Most people who have been following this year’s election season know that the Connecticut senate race is among the most competitive and confusing. What they may not be able to tell you, however, is that it all started with Fairfield University politics professor.

Dr. John Orman originally tried to take down political giant Joe Lieberman in March of 2005. He was forced to drop out of the race just six months later in September because of a lack of financial resources.

It wasn’t that Orman was particularly bad at asking people for their support, although he will tell you now that he was. After six months of campaigning he had only raised a total of $1,000 dollars, which he says is less than he had spent on gas.

The bigger problem was that he was stuck in a catch-22.

To get the money necessary to seriously challenge Lieberman he needed support from local organizations, but these organizations wouldn’t help him out until he could get himself on the ballot, which required a lot more money than he had to spend.

While he may not have been able to stick with the race due to gross differences in financial backing, he did garner a lot of attention from political bloggers and help to inspire Ned Lamont to run against the incumbent senator for the democratic nomination.

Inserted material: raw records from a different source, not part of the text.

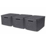 Deze Style boxenset van Curver wordt geleverd als een set van 3. De decoratieve rattan textuur geeft je interieur een unieke uitstraling. De boxen hebben ook een handig deksel, zodat je al je spullen uit het zicht en stofvrij kunt opbergen. Bovendien heeft elke opbergbox handige handvatten en zijn de boxen stapelbaar met en zonder deksel.
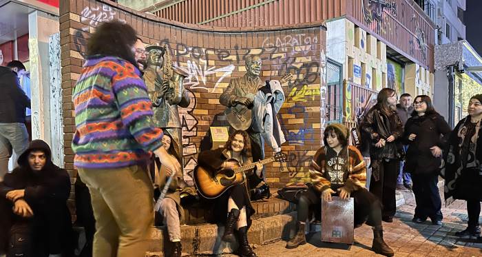 Müzisyen Gökçe Güneyoğlu, kent merkezinde şarkı söylemek için Adalar bölgesine geldiklerini söyledi. Burada başka müzisyenlerle karşılaştıklarını ve plansız bir şekilde birleşerek çeşitli şarkılar söylediklerini ifade eden Güneyoğlu, “Hep birlikte eğlenelim istedik. Yılbaşında sokakta müzik yapmayı planlıyorduk. Eskişehir halkı iyi bilir, burada genelde müzisyenler sokak müziği yapıyorlar ve milletle birlikte eğleniyorlar. Burada başka arkadaşlarımız da bugün müzik yapıyormuş, onlara eşlik etmek için yanında durduk. Hep birlikte eğleniyoruz. Sağ olsunlar Eskişehir halkı da eşlik ediyorlar. Yılbaşında keyifli bir vakit geçiriyoruz, yani sokakta müzik yapanların çoğu birbirini tanır, selamlaşıp yanlarına oturabiliyorsunuz. Tanımasanız bile yani kimsenin yadırgayacağı bir durum değil, oturup eşlik edebilir, şarkı söyleyebilirsiniz. Bir müzik aleti çalmanıza gerek yok. Sesinizin güzel olmasına gerek yok, keyif almanız yeterli” dedi.
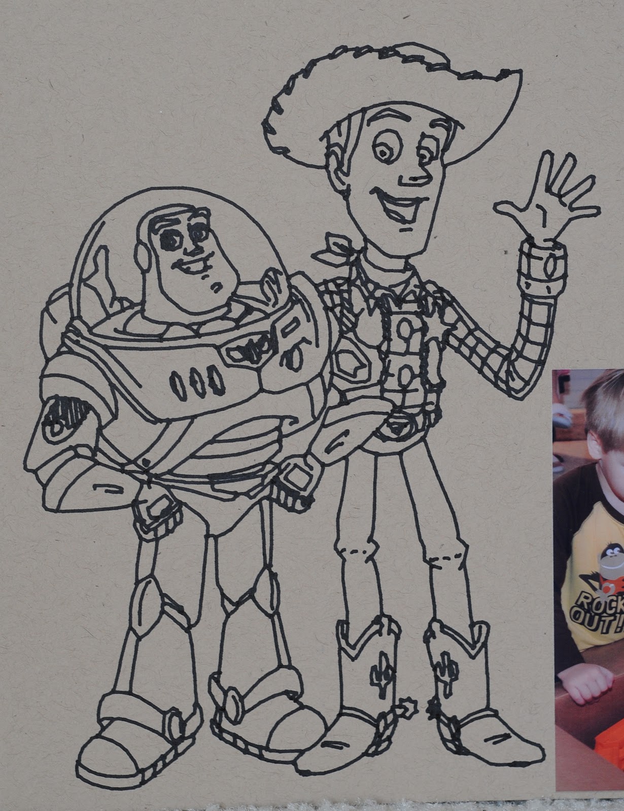 Wow, Amy, your creativity never ends. Fantastic job on your LO. I love how the outlined Woody and Buzz looks like the beginning of the movie (my kids are Toy Story fanatics, too...LOL)

“I got a call coming from an interested party trying to figure out what someone would need to do to challenge Lieberman,” he says. “I told him that one thing he would need was a lot of money. When he said that money wasn’t really an obstacle I got a little angry since it was the main reason I was forced to drop out.”

“I didn’t think too much of the call and didn’t even recall the man’s name. A few months later I saw that Ned Lamont had entered the race and it finally clicked. It makes sense that he wouldn’t see money as a problem since he’s worth between 90 and 300 million dollars.”

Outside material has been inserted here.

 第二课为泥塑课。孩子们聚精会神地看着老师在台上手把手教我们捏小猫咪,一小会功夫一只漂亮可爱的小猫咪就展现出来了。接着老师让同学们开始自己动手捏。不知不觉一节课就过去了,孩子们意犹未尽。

So you may be asking yourselves, “Why would two Democrats be running to dethrone such a large figurehead of their political party?”

After all, it was just six years ago that Lieberman was running to become vice president of the United States.

Instead of dropping out of the senate race and focusing only on the vice presidency, Lieberman decided to run for both. If he had won both elections, Republican Gov. John Rowland would have been in charge of appointing a new senator, and would have almost certainly given the seat to a fellow republican.

It was at this time that Orman began to protest Lieberman on a statewide campaign of sorts. He said that he was almost alone when he started to bring up questions about Lieberman’s loyalty, but by Election Day polls showed that 46 percent of Connecticut agreed with him.

“Today, people can’t believe that I’m just a citizen against Joe,” Orman says. “Everyone thinks that I’m part of Ned’s campaign, but I’m not. I have nothing to do with his campaign right now.”

The 2000 presidential campaign is not the only problem that Orman has with Lieberman. A major concern that he shares with democrats statewide is Lieberman’s handling of the war in Iraq and his recent closeness to President Bush.

The problem that they have with this is not that he originally voted in favor of going to war with Iraq, but that he never said he made a mistake or apologized. Also, while Lieberman may have a record of voting overwhelmingly democrat, he has been accused of simply waiting to make sure that some key issue would be out of his control before committing a Democratic vote.

When the primary results came in on August 8, Ned Lamont had won the Democratic nomination with 52 percent of the vote. Lieberman, upon hearing that he had lost, declared himself as an opponent and decided to run as an independent.

Many states have banned this kind of behavior with “sore loser acts.” Connecticut, unfortunately for Lamont, is not one of them.

Currently Lieberman is ahead in the latest polls, but Orman doesn’t think he has it wrapped up just yet. According to him, “Undecided voters generally break towards the challenger as Election Day draws near. Besides, right now he is closer to Joe than Joe was to the incumbent the first time he won.”

This political endeavor is only the latest in a series of actions that have put Orman in local and national spotlights. In 1984, for example, Orman ran for the congressional seat in Fairfield as a Democrat.

He ran a staunchly anti- Regan campaign against U.S. Rep Stuart McKinney, a close friend of Ronald Regan. While Regan was in the area, in fact, he actually stopped at Fairfield and campaigned against Orman in person. Orman eventually lost this race in a landslide.

He has also published four books on political science that range from the politics involved in rock music to the macho attitudes of presidents in the 80s.

It was his latest book, which dealt with the recent influx of celebrities into the political realm that brought him his most recognition. The book came out just as the political scene in Hollywood was peaking, with Schwarzenegger being elected governor of California and a mounting celebrity outrage over the war in Iraq.

Orman used this newfound celebrity of his own to continue his assault on Joe Lieberman and utilize his fame on the talk show circuit for all the press he could get. What Orman has done over the years has gained him respect in both the political world and here at Fairfield.

“John really activated interest in replacing Lieberman and showed everyone that he wasn’t doing what a Democratic senator should do,” says Donald Greenberg, a close friend of Orman and the chairman of the department of politics. “He showed us that we could have an alternative candidate and that we didn’t have to settle.”